Je dois en conséquence une bonne partie de mon anglais à des titres comme Classic & Sport Car, Thoroughbred & Classic Cars, Road & Track ou Car & Driver, autant de titres anglosaxons affectionnant semble-t ’il l’éperluette. Un joli discours de justification qui trouve néanmoins ses limites avec la langue de Goethe, Auto, Motor & Sport n’ayant malheureusement pas produit les mêmes résultats la concernant. Toujours est-il que je me livrai alors à une véritable course contre la montre pour achever la lecture des mensuels en cours avant publication des numéros suivants, laquelle consommait l’intégralité de mes déplacements dans les transports publics comme moments de pause entre deux fournée d’hamburgers ou les quelques minutes précédant l’endormissement nocturne. Et comme il y a prescription puisque ça se passait à la fin du siècle dernier, il me faut aussi mentionner certains cours universitaires dont le contenu ne soutenait pas la comparaison avec les conclusions de l’essai de la dernière GTI, ou d’un comparatif opposant des berlinettes venues de Maranello, Stuttgart ou d’ailleurs.
De nos jours, j’ai troqué en partie la lecture pour l’écriture, et je ne conserve guère que deux abonnements "physiques" à Evo et Octane, en version originale bien sûr, histoire de continuer à cultiver mon jardin anglais. Mais il me faut bien avouer que certains de leurs numéros s’empilent sur le meuble du salon sans que je n’en n’aie achevé le contenu, comme un rappel cruel de ce que le temps nous fait décidément de plus en plus défaut à mesure que nous en disposons de moins en moins. Il m’arrive aussi d’attraper un exemplaire d’Autobild ou Motor Klassik en rayon, histoire de maintenir le leurre selon lequel je vais "travailler mon allemand".

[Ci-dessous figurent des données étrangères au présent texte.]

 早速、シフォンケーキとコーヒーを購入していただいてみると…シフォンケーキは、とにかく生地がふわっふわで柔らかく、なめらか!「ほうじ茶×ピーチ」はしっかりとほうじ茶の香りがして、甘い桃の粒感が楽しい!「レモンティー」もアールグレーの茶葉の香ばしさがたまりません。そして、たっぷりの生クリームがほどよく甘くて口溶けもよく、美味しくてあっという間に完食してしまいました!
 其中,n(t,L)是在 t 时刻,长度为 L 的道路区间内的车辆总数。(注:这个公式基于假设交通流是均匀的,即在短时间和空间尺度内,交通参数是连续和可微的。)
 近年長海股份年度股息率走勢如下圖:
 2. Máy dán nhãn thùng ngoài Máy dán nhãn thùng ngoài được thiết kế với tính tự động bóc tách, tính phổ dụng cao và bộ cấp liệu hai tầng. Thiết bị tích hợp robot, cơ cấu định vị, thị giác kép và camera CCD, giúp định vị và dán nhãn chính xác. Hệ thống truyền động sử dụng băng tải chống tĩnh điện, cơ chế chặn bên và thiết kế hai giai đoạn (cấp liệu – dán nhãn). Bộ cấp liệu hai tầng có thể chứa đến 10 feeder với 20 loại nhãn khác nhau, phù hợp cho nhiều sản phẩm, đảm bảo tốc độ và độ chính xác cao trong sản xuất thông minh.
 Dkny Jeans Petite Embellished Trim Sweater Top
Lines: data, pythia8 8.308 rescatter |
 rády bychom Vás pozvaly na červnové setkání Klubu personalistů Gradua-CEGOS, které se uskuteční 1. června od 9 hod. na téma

Et puis, je lis aussi sur écran 6,6 pouces, parce qu’on ne peut pas vivre en dehors de son temps, que c’est pratique, et que ne m’endormant plus tout seul mais systématiquement le dernier, je ne peux décemment laisser la lampe de chevet allumée. Mais pour intelligent qu’il soit, mon portable ne possède pas le "toucher" des pages de magazines. Et je ne peux non plus détacher ces dernières lorsqu’elles affichent les photos d’un de ces nombreux modèles dont je possède une réplique en plastoc à monter, afin de les glisser dans la boîte correspondante dans l’illusion qu’elles serviront de référence le jour où j’en aurai entrepris la construction.

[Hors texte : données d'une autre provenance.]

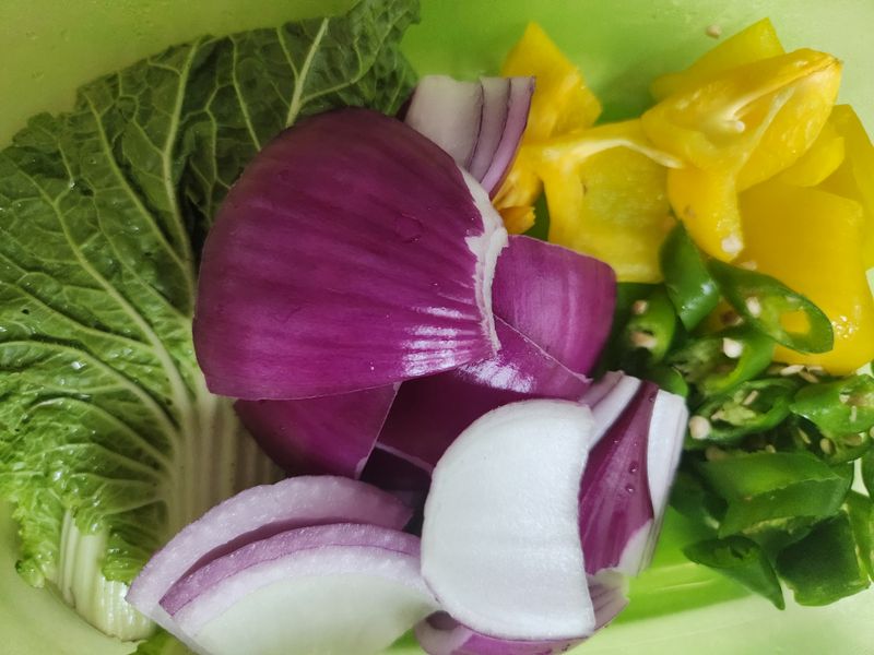 야채와 함께 먹으니 느끼하지도 않고 맛있네요-♡
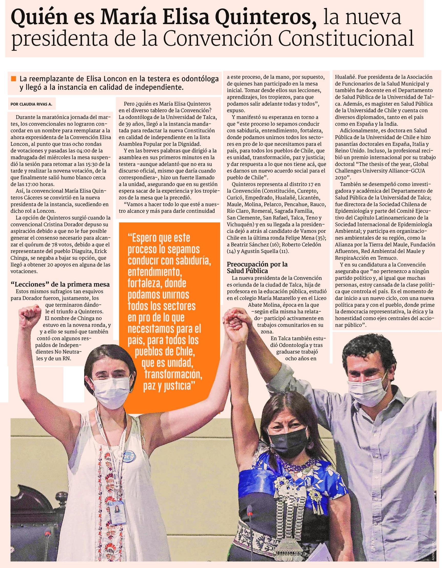 Convención Constitucional y elección nueva presidenta: Reseña biográfica de María Elisa Quinteros.

Et surtout, il me semble que les nombreux contenus en ligne ont perdu en qualité ce qu’ils ont gagné en célérité, comme s’il était désormais plus important de partager au plus vite les caractéristiques du dernier SUV mis sur le marché que d’en peaufiner le contenu. Mais allez savoir, peut-être qu’en me livrant au discours de la décadence dont je ne suis pourtant pas fan, je me berce d’illusions sur un passé qui n’était sans doute ni meilleur ni pire qu’aujourd’hui, mais juste imprimé à l’encre sur du papier, façon Gutenberg. Les plus jeunes d’entre vous -en admettant qu’ils me lisent- auront d’ailleurs beau jeu de me faire remarquer que je rédige cette chronique sur un clavier, et que je la publie en ligne…
Quoiqu’il en soit, je sais ce que je dois aux magazines papier et à ceux qui les ont pondus. C’est donc comme une forme de reconnaissance autant que par plaisir que je m’étais promis de m’y consacrer davantage qu’à l’accoutumée durant la trêve estivale. J’y suis parvenu mais évidemment pas autant que je me l’étais promis.
Bref, dans tous les sens du terme, j’ai été de la revue.